For the cooks in the house, designing a program is, in fact, like devising a recipe on the spot. "Man! Wouldn't it be neat to make a
chili turkey meatloaf!" With intuition, you think about the ingredients needed for the coating sauce, and little things like onions, salt, and pepper that would go into the mince. Before starting to cook, you consider the best way to cook everything that would require minimal complication and still taste good.
So, I've spent the past week and a half writing a few hundred lines of code that controls and analyzes the data from a spinning laser beam in order to determine where it's hitting the ceiling, the side walls, the ground, etc. Because it's experimental data, about 30% of it is utter crap at any given time. The bulk of the code is designed to filter out that 30% reliably.
The first problem was that although my overarching goals remained the same, everything underneath was in a turmoil, constantly getting rewritten or trashed (Consider the imagery of a frustrated architect, hunched over his drafting table, with a graveyard of scrunched-up draft paper piling up behind him.) I hadn't gotten far enough with anything to feel remorse at throwing it away.
Finally, when parts of the code started working, those parts would still have flaws here and there, so I wrote more code on top of the working stuff to correct its mistakes, instead of correcting the old code. (This time, consider the imagery of broken patches on old clothes being sewn over by smaller patches, instead of simply replacing the bigger, broken patch.)

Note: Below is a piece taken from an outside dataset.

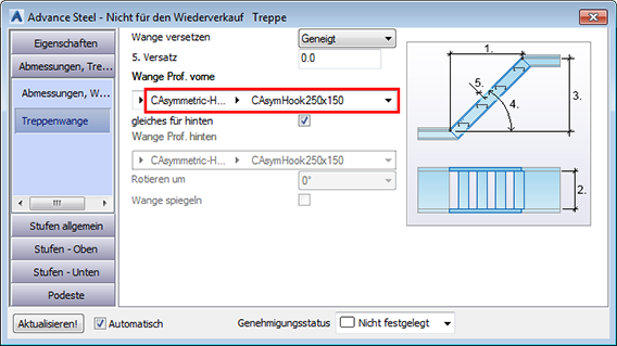 Anwenderprofile können Strukturelementen von Treppen zugewiesen werden, z. B. der Wange. Auf diese Weise können Sie für das Element jede Profilform verwenden und die aktuelle Profilbibliothek ausfüllen.
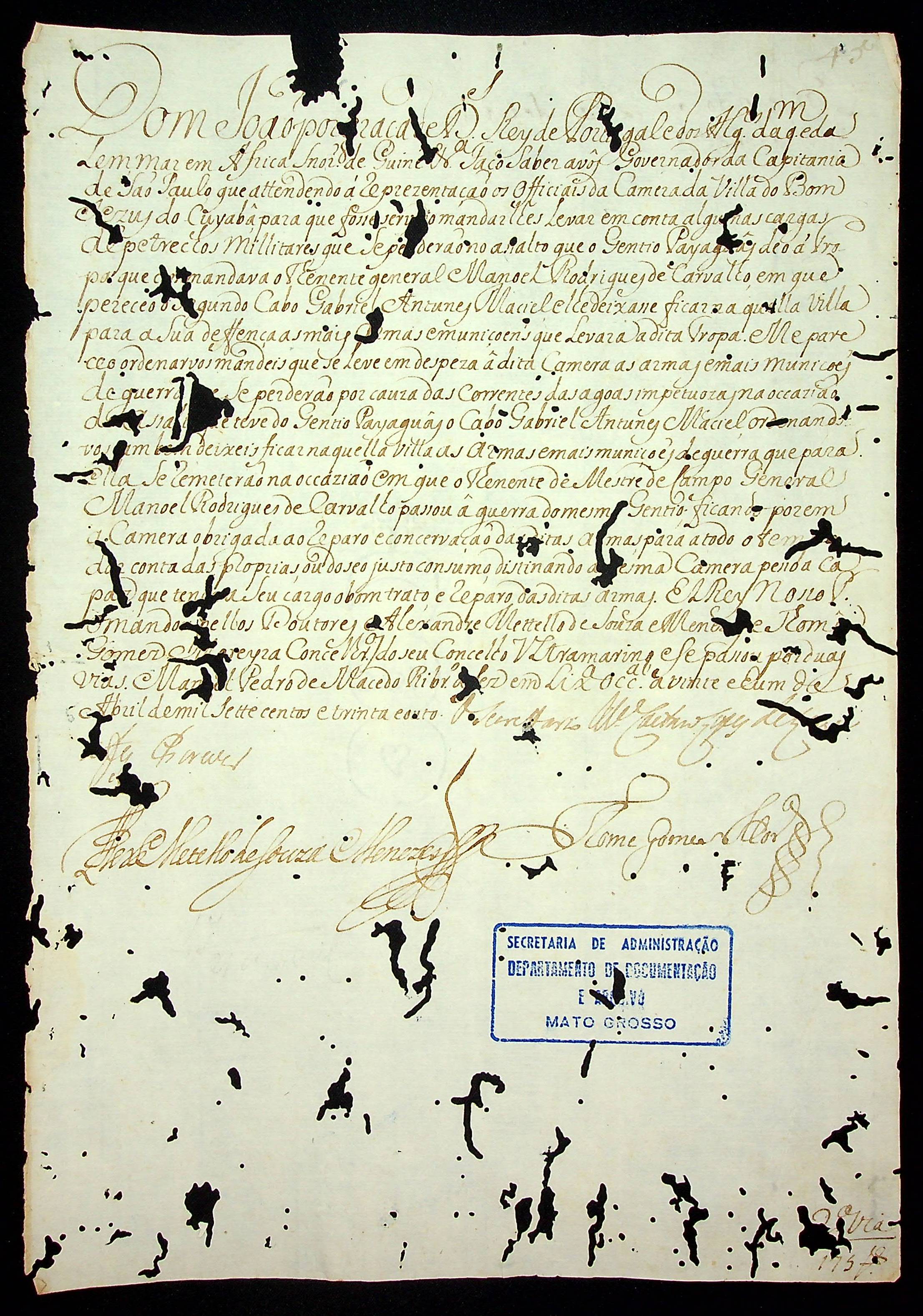 CARTA RÉGIA do Rei de Portugal Dom João ao Governador e Capitão-General da Capitania de São Paulo [Gomes Freire de Andrade].

This has a psychological effect. Artists experience the same thing when compromising for a slight defect in their work - a stray splatter of paint on what should be a clean city wall in the background of a nearly-complete still-life work, a musical motif that has worked its way deep into the root of a song, but is not particularly catchy or creative. When there is a need to either press on with what is already done, or start over, due to one of these mistakes, the artist encounters difficulty: the considerable amount of work she has done will lose meaning if discarded. In other words,
there is a conflict between the desire to preserve and consummate the work that has already been done, and the desire for perfection which requires reversal of momentum and backwards movement in the creative process.This creative conflict reached a climax for me this afternoon when I realized that although what I wrote worked nearly all the time (and could be further jimmied up to work 100% of the time), I could not bring myself to trust it on its creative merit. I was merely whacking away at the problem until I saw positive results. The realization slammed into me like a mack truck and I felt like
shit for the rest of the day.
But having cooled my heels, I realize that if the whole project is going to work out, I will have to trash all this code and start from scratch, now having a much greater understanding of the factors involved in achieving my goal.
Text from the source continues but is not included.